DOWNLOAD_DIR = os.path.join(os.getcwd(), 'intermediate')
LOGFILE = os.path.join(DOWNLOAD_DIR, 'log.json')
OUTPUT_DIR = os.path.join(os.getcwd(), 'final')
DAILY_REPORT_DELAY = 2


In [None]:
def md5(fname):
    "see: https://stackoverflow.com/a/3431838/57626"
    hash_md5 = hashlib.md5()
    with open(fname, "rb") as f:
        for chunk in iter(lambda: f.read(4096), b""):
            hash_md5.update(chunk)
    return hash_md5.hexdigest()

In [None]:
options = webdriver.ChromeOptions()
options.add_argument('start-maximized')
prefs = {
    "download.default_directory": DOWNLOAD_DIR,
    "download.prompt_for_download": False,
    "profile.default_content_settings.popups": 0,
    "profile.content_settings.exceptions.automatic_downloads.*.setting": 1
}

options.add_experimental_option("prefs", prefs)
driver = webdriver.Chrome(ChromeDriverManager().install(), chrome_options=options)

driver.get('https://www.tadpoles.com/')

In [None]:
def login(driver, url: str, username: str, password: str) -> None:
    """Executes the Tadpoles login flow

    It used to be that you could start on the Tadpoles landing page, but that doesn't seem to work anymore.
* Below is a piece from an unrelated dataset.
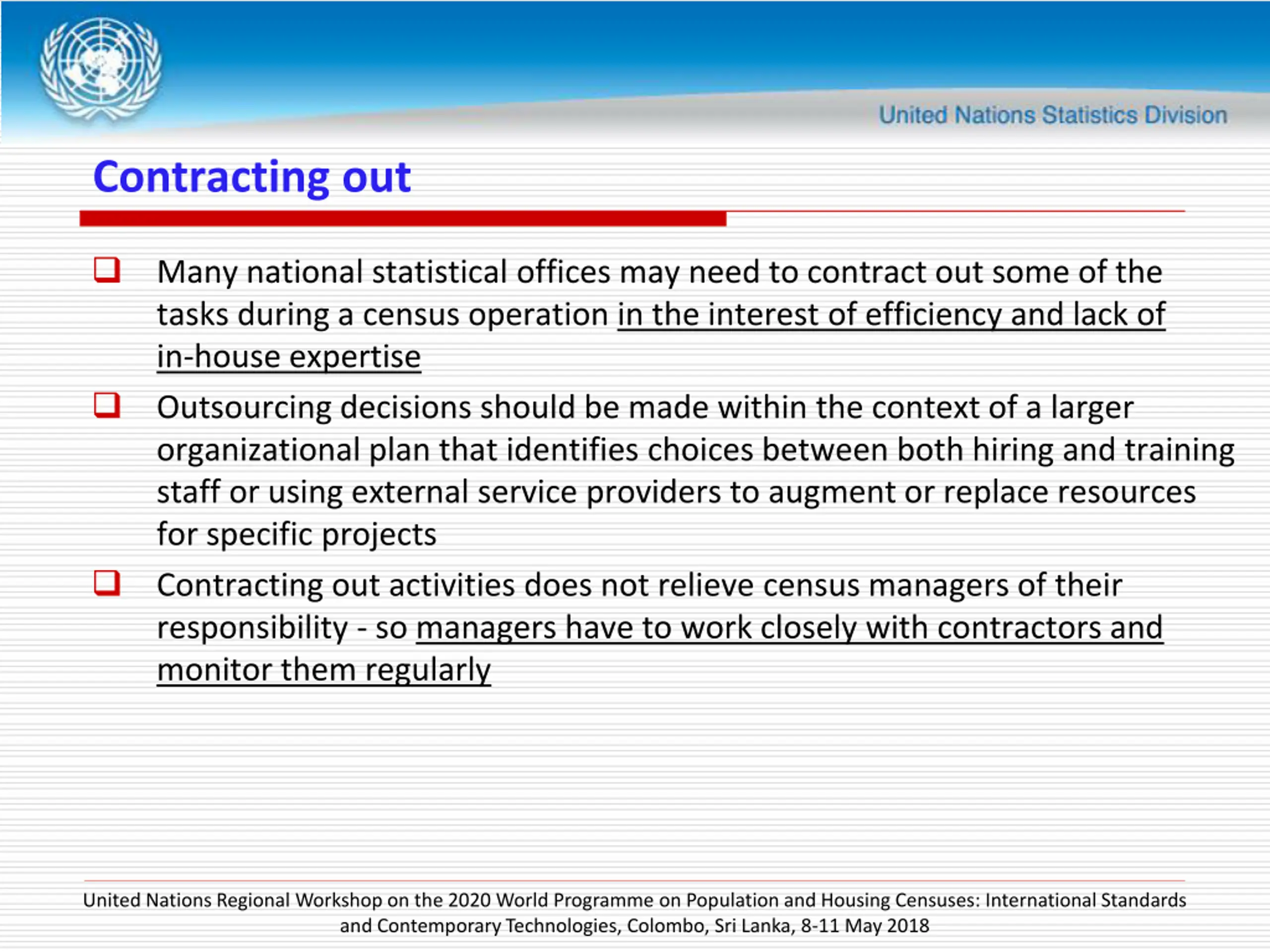 Contracting out Many national statistical offices may need to contract out some of the tasks during a census operation in the interest of efficiency and lack of in house expertise Outsourcing decisions should be made within the context of a larger organizational plan that identifies choices between both hiring and training staff or using external service providers to augment or replace resources for specific projects Contracting out activities does not relieve census managers of their responsibility - so managers have to work closely with contractors and monitor them regularly United Nations Regional Workshop on the 2020 World Programme on Population and Housing Censuses: International Standards and Contemporary Technologies, Colombo, Sri Lanka, 8-11 May 2018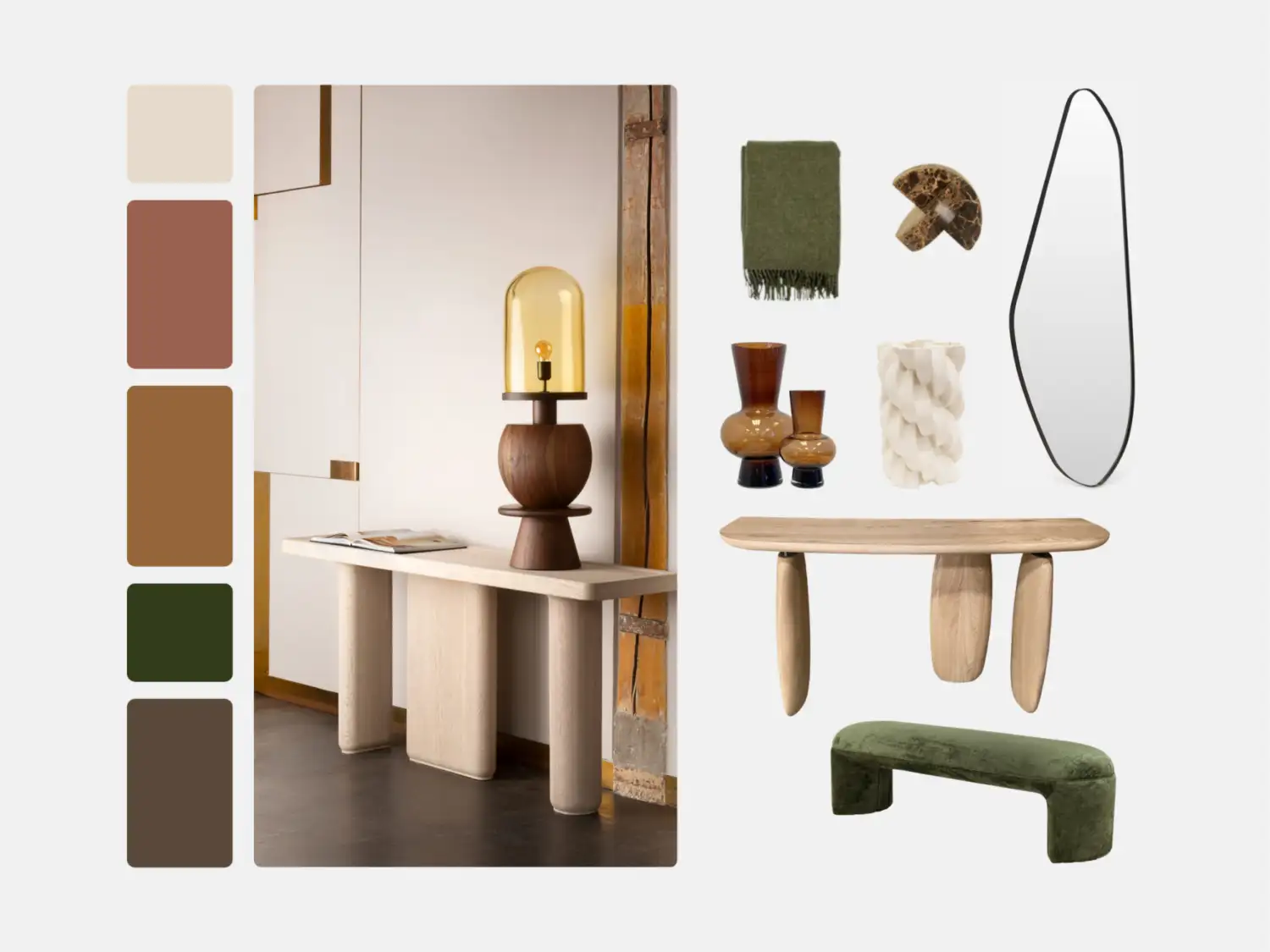 Grounded in nature, this palette draws on forest greens, clay browns and deep burgundy. The combination feels rich and dramatic, yet still fresh when layered with organic textures and sculptural shapes. A timber console such as the GAUDI introduces natural presence, while moss-toned seating, like the KIRIN Bench, brings depth and softness. Amber glass vases add a warm glow, tying the look together in a way that proves earthy shades can be just as evocative of spring as more floral tones.

Now you need
    to make sure to start at https://tadpoles.com/home_or_work. From there, it should automatically log in as a parent
    to the system.
    """
    driver.get(url)

    # login_button = wait_by_xpath(driver, "//a[@href='/home_or_work']")
    # login_button.click()
    # print("clicked on login button")

    parent_block = wait_by_xpath(driver, '//div[@data-bind="click: chooseParent"]')
    parent_block.click()
    print("clicked on parent button")

    tadpoles_button = wait_by_xpath(driver, "//img[@data-bind='click:chooseTadpoles']")
    tadpoles_button.click()
    print("clicked on tadpoles button")

    email_input = wait_by_xpath(driver, "//input[@placeholder='your email address']")
    email_input.send_keys(username)
    print("entered email address")

    password_input = wait_by_xpath(driver, "//input[@type='password']")
    password_input.send_keys(password)
    print("entered password")

    login_submit_button = wait_by_xpath(driver, "//button[@type='submit']")
    login_submit_button.click()
    print("submitted login attempt")

In [None]:
def click_header_element(driver, title: str='dailyreports') -> None:
    """Simple helper function to click on the "Daily Reports" tab.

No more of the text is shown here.